Along the frightening journey, Sahay and her uncle are joined by others on the run, including a young blind girl, Rahel, and her older brother. The siblings are alone, forced to abandon their parents and elderly grandmother; they are falashas, a derogatory term used for Ethiopian Jews who are long-persecuted pariahs in their own country. Rahel and her brother hope to make aliyah, to journey to their spiritual home of Israel – somewhere they’ve never been.
Sahay, long taught by misinformed adults to fear and hate the falasha, is surprised by Rahel and her brother’s kindness during their grueling escape. Her wariness dissipates as the two girls are thrown together, and their only chance of survival depends on helping one another.
Author Jane Kurtz, who grew up in a remote Ethiopian village, includes a helpful afterword at book’s end: “The true story of Rahel and Sahay’s escape,” provides clear historical context to better understand the complexity of this compelling story.

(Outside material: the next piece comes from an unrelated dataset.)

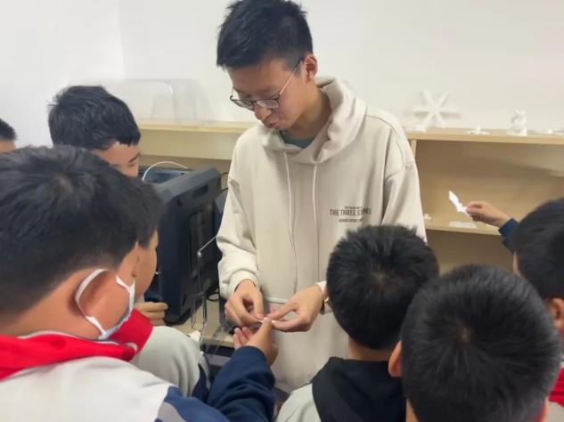 实验室中提供了3D打印机,激光切割机,学生们认真的观看高精度、稳定的3D打印建模步骤和基本操作,实现模型从虚拟到现实的单向转化,最后,学生们还获得了3D打印机打印好的上师大缩写名片,大家仔细看着打印出的物品,探究其中的奥秘。

Kurtz explains the overlapping history of Sahay’s and Rahel’s peoples, their common cultural and ethnic roots, the brutal religious persecutions, and the Israeli government’s secret missions which rescued some 45,000 Ethiopian Jews before the overthrow of Mengistu’s junta government in 1989.
For younger readers, Beads is a wise introduction to a horrific tragedy in Ethiopia; meanwhile, the growing list of eye-opening titles are undoubtedly creating a portal to greater global understanding, Start now … we still have so much to learn … and change!
Tidbit: Check out author Jane Kurtz’s amazing book project, Ethiopia Reads, with the goal to “create a reading culture in Ethiopia by connecting children with books” … especially love the part about “creating culturally appropriate reading materials”! Stories that reflect the readers’ experiences will go a long way toward encouraging and developing eager readers for years and decades to come!